Adriel dos Santos de Souza
O desafio de se conviver com a diferença (2007)
O caput do Artigo 5º prevê a igualdade perante a lei, garantindo a todos os brasileiros e estrangeiros residentes no país a proteção do direito à vida, à liberdade, igualdade, segurança e à propriedade. Os termos de igualdade servem, em seu primeiro inciso, um vasto suporte de diferenciação, na questão de gênero. É possível perceber, dessa maneira, que apesar da igualdade formal posta em pauta, as condições e classificações que nos diferenciam ainda precisam ser consideradas, servindo uma sociedade que ainda possui desafios para conviver com a diferença. Dificuldades estas que são vividas porque não há um consenso pleno entre as diferenças, deixando de lado como elas podem estar sendo postas como desiguais para determinados sujeitos. Assim, é possível pensar a problemática por meio da multiplicidade de formas de lidar com a diversidade, a hierarquização das diferenças e a invisibilização dos sofrimentos, de maneira que inviabilizam a igualdade prevista no Art. 5º.
Primeiramente, é necessário entender as maneiras distintas de lidar com a diferença, para pensar a partir disso as maiores complicações do tema, dentro da possibilidade de ignorar ou reconhecer as diferenças. O jurista Luigi Ferrajoli explica sua teoria de 4 modelos de tratamento da igualdade, como há nos Direitos Fundamentais, sendo um modelo que configura como direitos de todos, ignorando, portanto, as diferenças. Este autor explica, por fim, um modelo que reconhece e valoriza as especificidades e é nesse ponto que se encontra uma base para uma nova maneira de lidar com os direitos para diferentes sujeitos, com garantias que considerem as desigualdades podendo ser úteis. Dessa maneira, um grande questionamento é levantado sobre se tratar das diferenças, entre o reconhecimento ou não reconhecimento delas.

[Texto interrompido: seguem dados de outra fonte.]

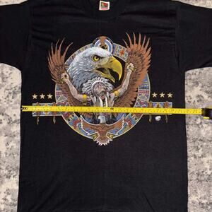 vintage 90s native american eagle t shirt, single stitch fruit of the loom heavy cotton tee, bald eagle graphic shirt, southwestern tribal art tee, biker graphic vintage shirt, 1990s made in usa blank, oversized boxy fit tee, black graphic t shirt, americana eagle print shirt, western boho aesthetic, indigenous inspired artwork tee, retro wildlife graphic, classic 90s streetwear, festival graphic tee, old school heavy cotton shirt, statement vintage t shirt, collectible 90s graphic, faded black single stitch tee
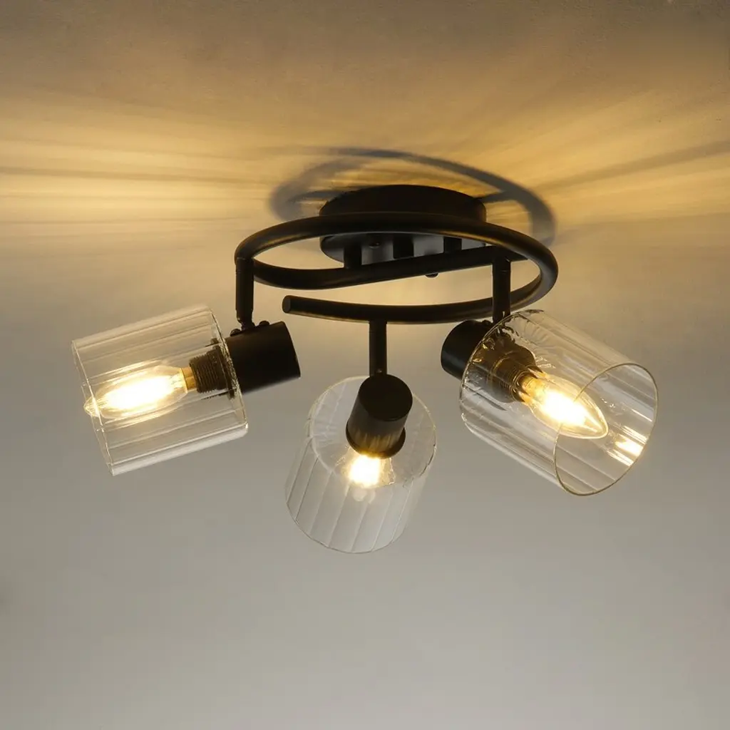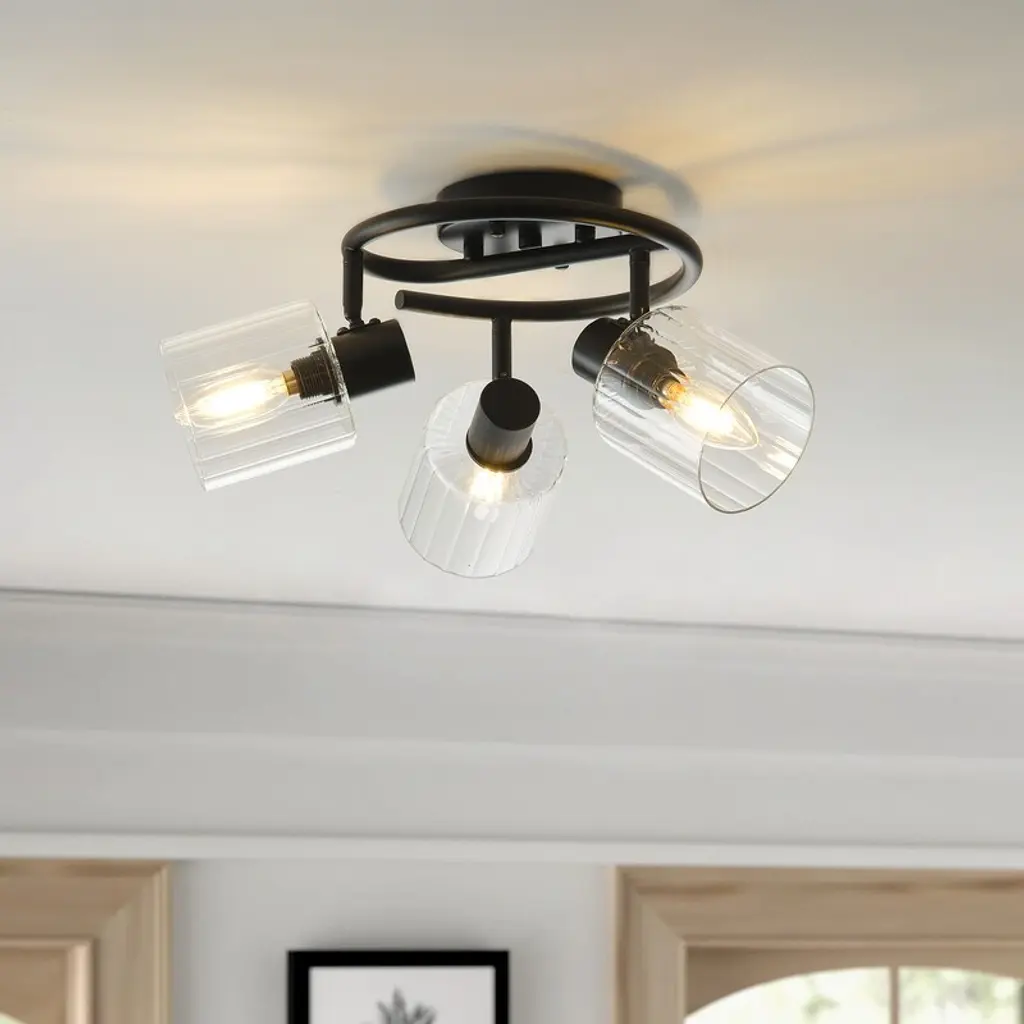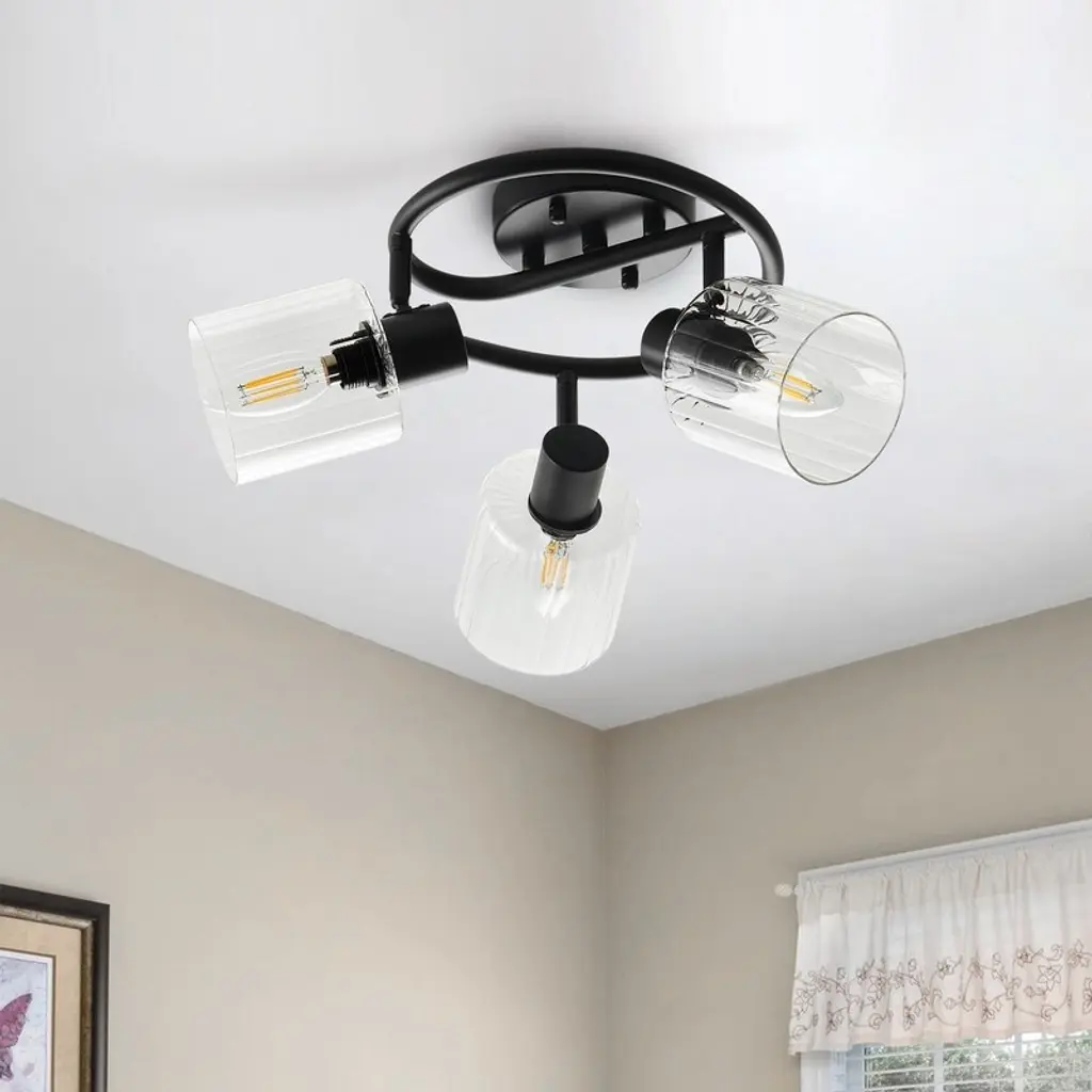 Specifications: Sleek Modern Design: Combines a matte black frame with clear glass shades for a clean, modern aesthetic that suits various interior styles.Transparent Ribbed Glass shades lamp head features a clear ribbed glass shade that adds texture and allows for full light dispersion.Easy to Assemble: Don't worry about the installation difficulty. It can be mounted facing up or down to suit your space and lighting needs.ETL Listed & Bulb Requirement: ETL Listed for your safety. The light is a built-in standard E12 socket, suggesting using a dimmable E12*3 base bulb (Max 40W, 120V). Bulbs and a dimmer switch are not included.Widely Used: Designed to sit close to the ceiling, perfect for highlighting art, kitchen spaces, or work areas.
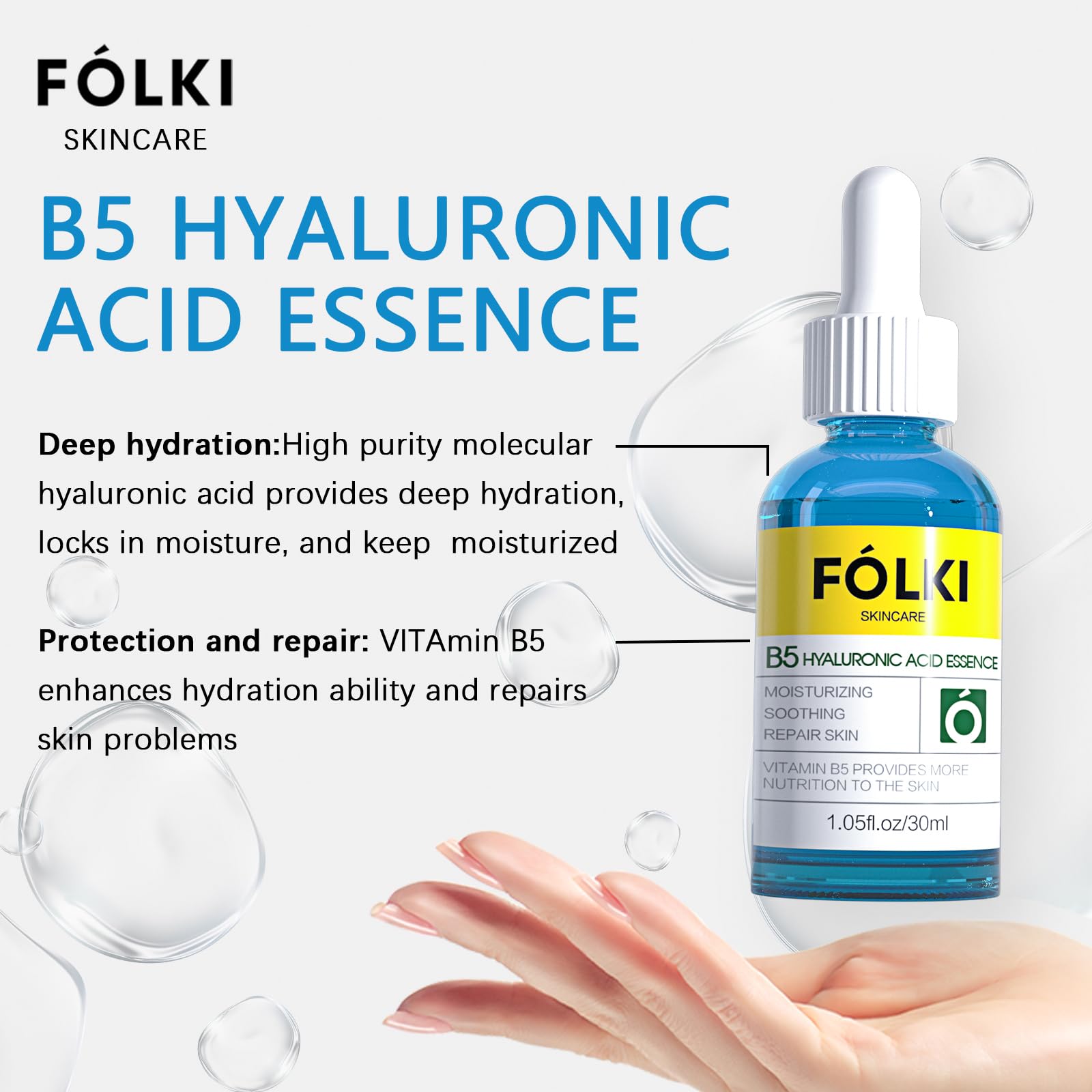 Experience the transformative power of FOLKI B5 Hyaluronic Acid Serum, designed to enhance your skin's radiance and hydration. This lightweight, transparent serum penetrates deeply to provide intense moisture, leaving your complexion visibly brighter and more elastic.

Além disso, ao continuar explorando as maneiras de lidar com as diferenças percebe-se uma hierarquização das características dos sujeitos. É possível compreender que entre os diferentes indivíduos é colocado um adjetivo próprio, concepções que os separam, em meio aos adjetivos que alguns são considerados superiores a outros; essas características aprofundam as desigualdades. Essa ideia pode ser demonstrada pelo Recurso Extraordinário 494.601, com a discussão sobre liberdade religiosa e crueldade no sacrifício de animais, que girou em torno de leis estaduais, como no Rio Grande do Sul, que proibiam o sacrifício ritualístico, nos votos foi ressaltado como essas leis afetaram principalmente as religiões de matriz africana, enquanto outras religiões já tinham seus ritos próprios e não eram julgadas por isso. Houve, nesse momento, uma necessidade de proteger principalmente essas religiões reduzidas hierarquicamente e através do reconhecimento dessas a proteção do direito de liberdade de crença foi ampliada.

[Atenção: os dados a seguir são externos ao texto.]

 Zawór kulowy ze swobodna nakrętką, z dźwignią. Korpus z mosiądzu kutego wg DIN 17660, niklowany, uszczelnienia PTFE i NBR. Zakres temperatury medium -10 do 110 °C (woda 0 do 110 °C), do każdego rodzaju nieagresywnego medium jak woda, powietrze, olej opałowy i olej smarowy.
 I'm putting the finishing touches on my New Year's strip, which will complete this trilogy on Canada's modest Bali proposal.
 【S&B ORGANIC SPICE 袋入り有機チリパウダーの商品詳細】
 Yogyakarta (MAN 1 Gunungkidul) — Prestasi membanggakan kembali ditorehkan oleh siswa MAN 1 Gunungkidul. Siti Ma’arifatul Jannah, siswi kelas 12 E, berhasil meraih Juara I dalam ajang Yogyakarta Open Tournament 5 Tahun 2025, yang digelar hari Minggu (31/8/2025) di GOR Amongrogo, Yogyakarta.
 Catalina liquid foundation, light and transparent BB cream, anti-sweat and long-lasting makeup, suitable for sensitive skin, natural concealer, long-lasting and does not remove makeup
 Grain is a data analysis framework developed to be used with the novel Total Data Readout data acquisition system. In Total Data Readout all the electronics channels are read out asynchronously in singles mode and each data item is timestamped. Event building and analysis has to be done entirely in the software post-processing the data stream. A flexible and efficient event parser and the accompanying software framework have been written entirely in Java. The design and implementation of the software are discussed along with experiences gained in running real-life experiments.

A maneira de lidar que se baseia na desconsideração das diferenças também ocasiona a invisibilização de determinados sofrimentos e afetam suas relações. A partir do momento que não é considerado que determinadas diferenças, como raça, gênero e classe, afetam a visibilidade dos discursos e das denúncias, muitos sofrimentos são reconhecidos em segundo plano. Isso ocorreu no caso de Linda López Soto e outros vs. Venezuela na Corte IDH, em que, apesar de todas as denúncias do agressor, nesse caso de sequestro, o discurso foi desconsiderado, dizendo que a violência sofrida era apenas um caso de “briga de casal”. Esse caso revela um recorte em que a mulher violentada foi extremamente desconsiderada em sua queixa e sua condição enquanto mulher invisibilizou seu sofrimento.

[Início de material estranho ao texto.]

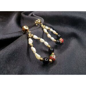 Elegant Gold & Pearl Teardrop Earrings With Black Beads & Red Cloisonné Accents
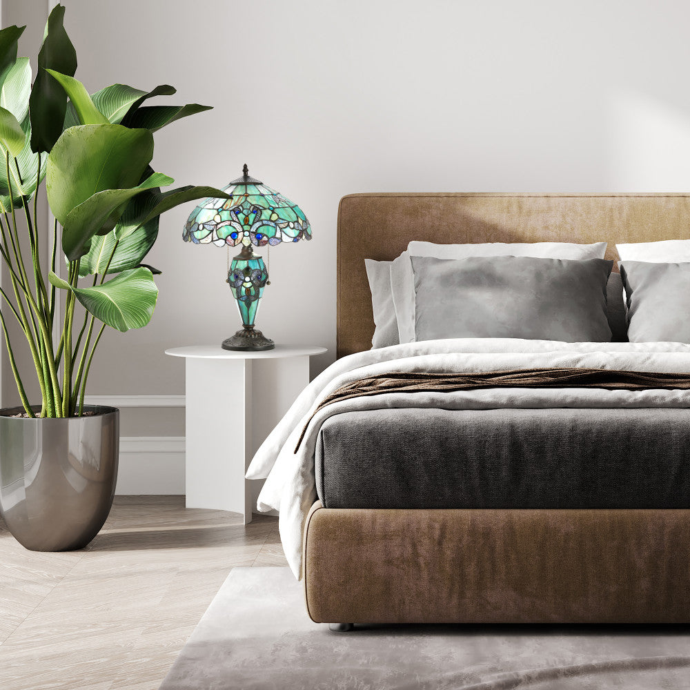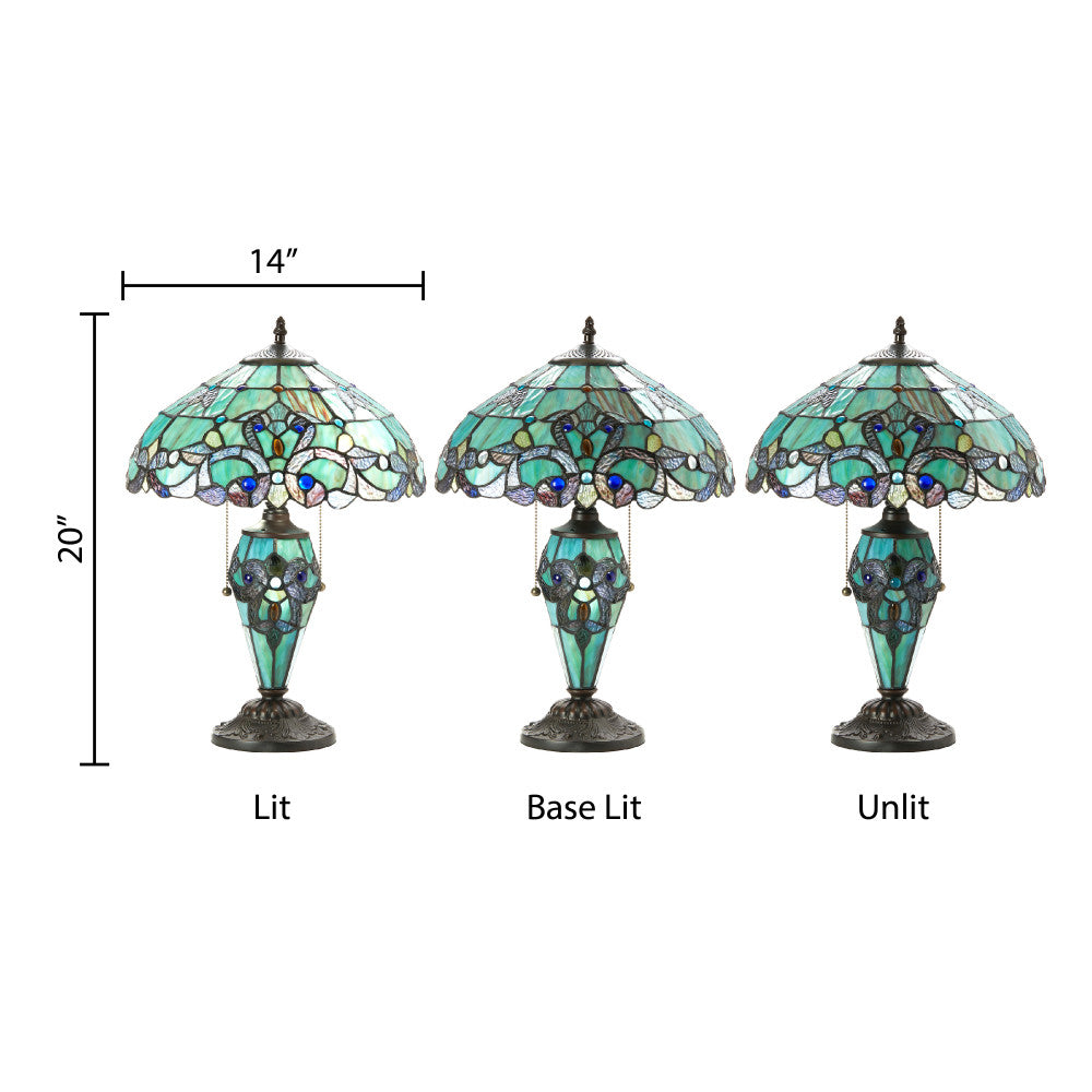 20"H Tiffany Style Magna Carta Stained Glass Double Lit Table Lamp
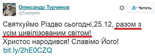 «Празднуем Рождество сегодня, 25 декабря, вместе со всем цивилизованным миром», – написал в соцсети Турчинов.
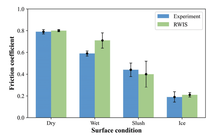 각 표면 상태별로 동일 조건의 시편 25개를 대상으로 반복 측정하여 건조, 습윤, 슬러시, 결빙의 4가지 표면 상태에 대해 각 25개씩, 총 100개의
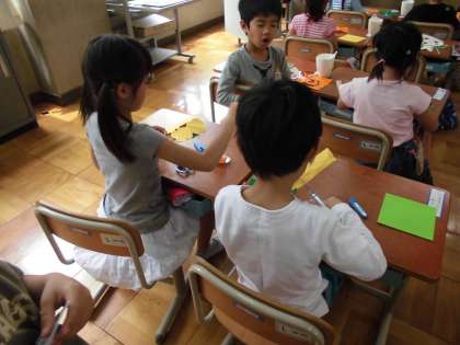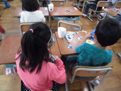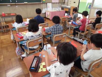 図工の時間に,チョキチョキかざりをしました。折り紙を三角や四角に折ったり,それをギザギザや丸の形に切ったりして,色んな飾りを作っていました。折り紙を丸く切って,りんごの皮のような形も作っていました。子供たちはとても楽しそうで,自分だけの素敵な飾りがたくさん出来上がりました。

Portanto, essas três questões: as maneiras distintas de lidar com a diferença, a hierarquização das características dos sujeitos e a invisibilização dos sofrimentos, todas vindas do primeiro argumento, revelam que algumas maneiras de lidar com as divergências por vezes não conseguem alcançar a igualdade, em concordância com o argumento central do texto. Dessa maneira, é possível concluir que ignorar as diferenças sem tratá-las na medida da desigualdade que pesa na realidade é uma opção pouco viável para alcançar a igualdade.